WHAT TO WORK ON
Starting at the line with "注意下图:这里的启动优先权1", return every line through the final one of the data, word for word. Pictures stay out.

PROVIDED MATERIAL
--------------------
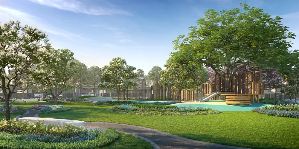 ภาพและบรรยากาศจำลองสวนสาธารณะภายในโครงการ
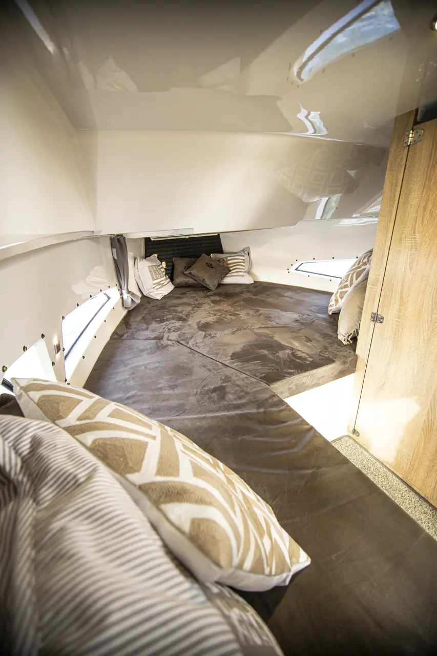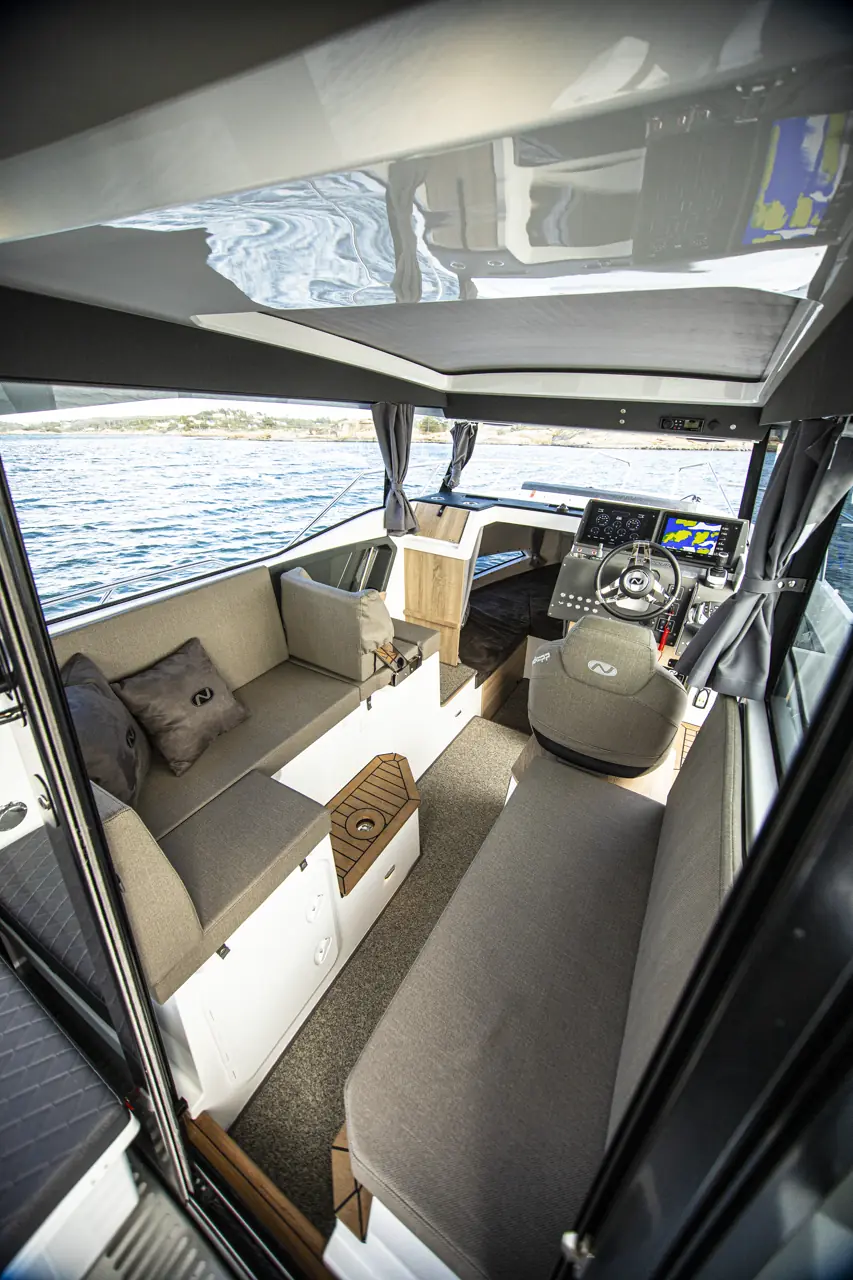 I det midstilte styrhuset er det etter vår mening førermiljøet og materialvalget som stikker seg mest ut. Takluken kommer i to varianter – enten en «soft-top» løsning der nærmest hele taket åpnes elektrisk - som på vår testbåt, eller med to luker. I salongen er det sitteplasser til fem personer, i tillegg til at førersetet kan vendes. Salongbordet har funnet sin naturlige oppbevaringsplass i eget stuverom under sofaen, og med noen mellomleggsplater får en-to personer overnattingsplass her.
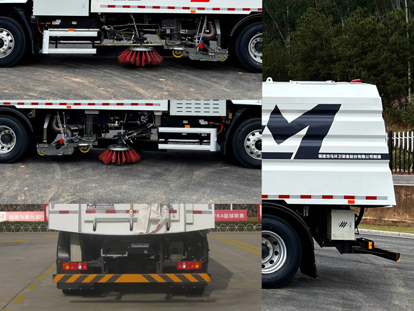 可外接充电,该车型有两种配置:配置A(标准配置),配置B(选装另外一种上装),各配置整备质量(kg)/载质量(kg)对应关系如下:配置A:11465/6340;配置B:11750/6055;侧防护装置材料为铝合金,后防护装置材料为Q235A,连接方式均为螺栓连接;后部防护装置的断面尺寸为120?0mm,离地高度为400mm;随底盘选装前面板字样、电池罩;电池种类/生产企业:磷酸铁锂电池/宁德时代新能源科技股份有限公司;电机种类/电机型号/电机生产企业/电机控制器型号/电机控制器生产企业/电机额定功率/电机峰值功率:永磁同步电机/TZ342XSSFY02/陕西法士特齿轮有限责任公司/KTZ54X46S-GVD55051/深圳市英威腾电动汽车驱动技术有限公司/110kW/180kW;燃料电池类型/生产企业:质子交换膜燃料电池/广东清能新能源技术有限公司。ABS型号/企业:ABS-E 4S/4M/威伯科汽车控制系统(中国)有限公司,CM4XL-4S/4M/广州瑞立科密汽车电子股份有限公司;该车通过清扫机构,采用吸扫结合的工作原理对路面进行清扫作业。 |
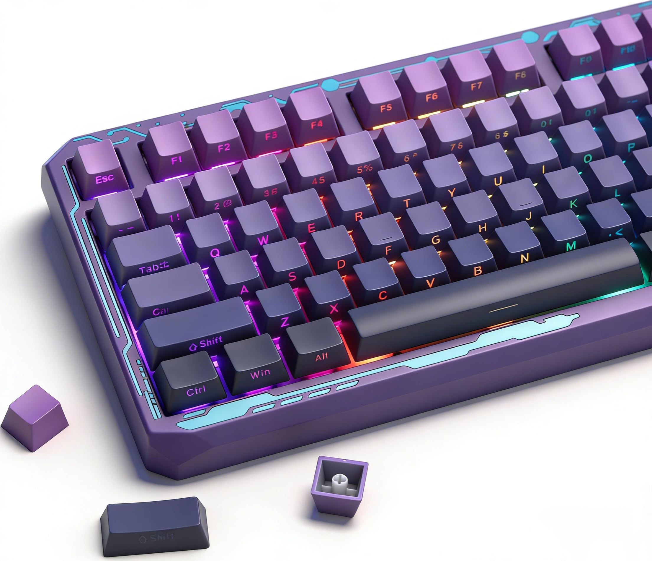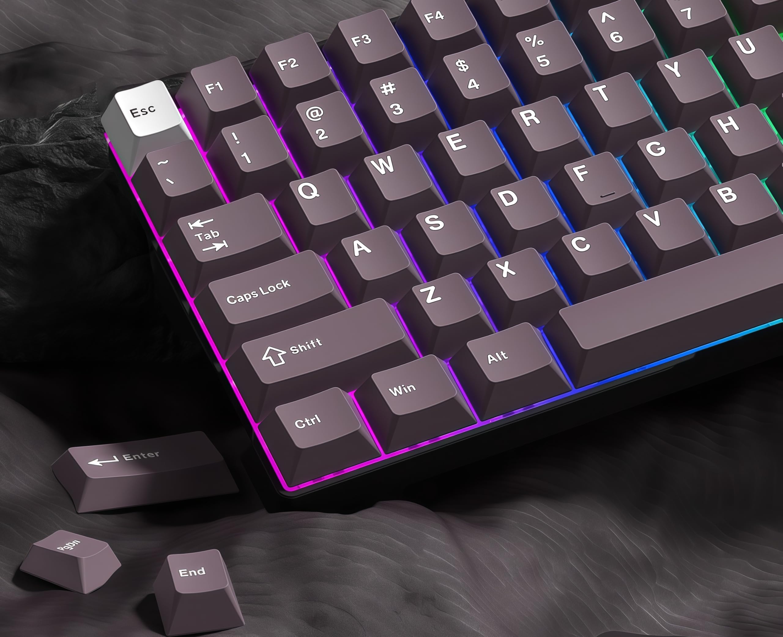 - 【Shine Through Side Printed Keycaps】 Designed with side-printed legends that allow your backlight to glow through the characters, these shine through keycaps enhance your RGB effects while maintaining a clean, minimalist aesthetic. (Note:The side print keycap is more suitable for keyboards with LED facing south.)
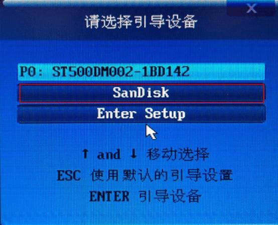 注意下图:这里的启动优先权1是:PO:ST500的硬盘。我们回车,然后选择SanDisk的闪迪U盘,并回车。
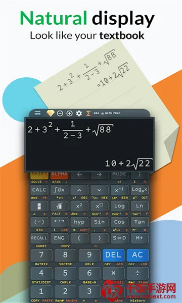 2、显示直观:采用2行自然教科书显示,能呈现分数、公式、平方根等表达式,如同教科书一般,增强结果理解力。
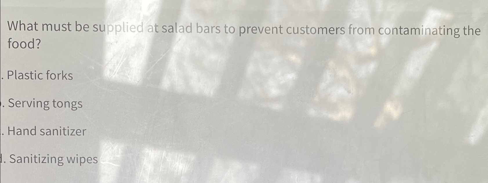 SOLVED What must be supplied at salad bars to prevent customers from
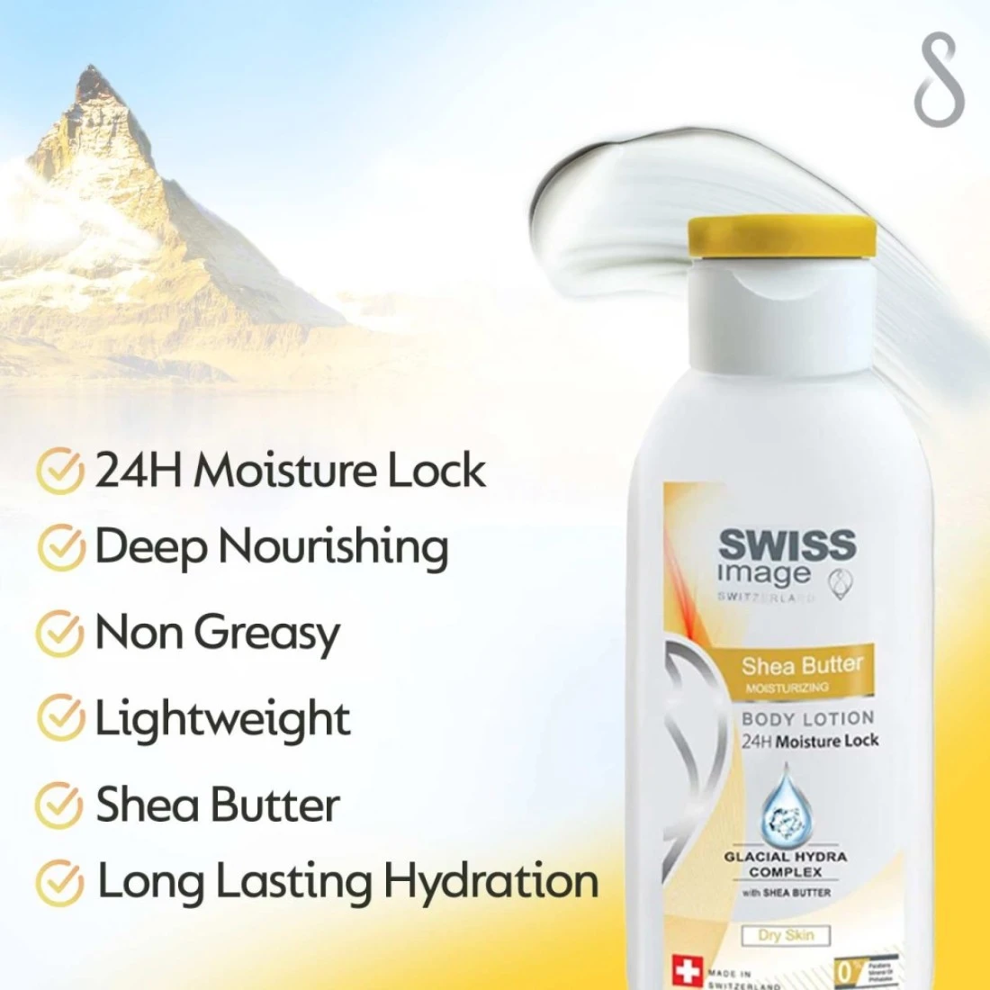 لوشن الجسم المرطب بزبدة الشيا من سويس إيمج كلير 250 ملل هو غسول مغذي ومرطب غني بزبدة الشيا. يرطب البشرة بعمق ويتركها ناعمة ونضرة. المستحضر خفيف الوزن ويمتص بسهولة في الجلد مما يوفر ترطيبا طويل الأمد. كما أنه يساعد على تحسين مرونة البشرة وثباتها. يحتوي المستحضر على تركيبة صافية غير دهنية ولا تترك أي بقايا.
--------------------
EXPECTED ANSWER
 注意下图:这里的启动优先权1是:PO:ST500的硬盘。我们回车,然后选择SanDisk的闪迪U盘,并回车。
 2、显示直观:采用2行自然教科书显示,能呈现分数、公式、平方根等表达式,如同教科书一般,增强结果理解力。
 SOLVED What must be supplied at salad bars to prevent customers from
 لوشن الجسم المرطب بزبدة الشيا من سويس إيمج كلير 250 ملل هو غسول مغذي ومرطب غني بزبدة الشيا. يرطب البشرة بعمق ويتركها ناعمة ونضرة. المستحضر خفيف الوزن ويمتص بسهولة في الجلد مما يوفر ترطيبا طويل الأمد. كما أنه يساعد على تحسين مرونة البشرة وثباتها. يحتوي المستحضر على تركيبة صافية غير دهنية ولا تترك أي بقايا.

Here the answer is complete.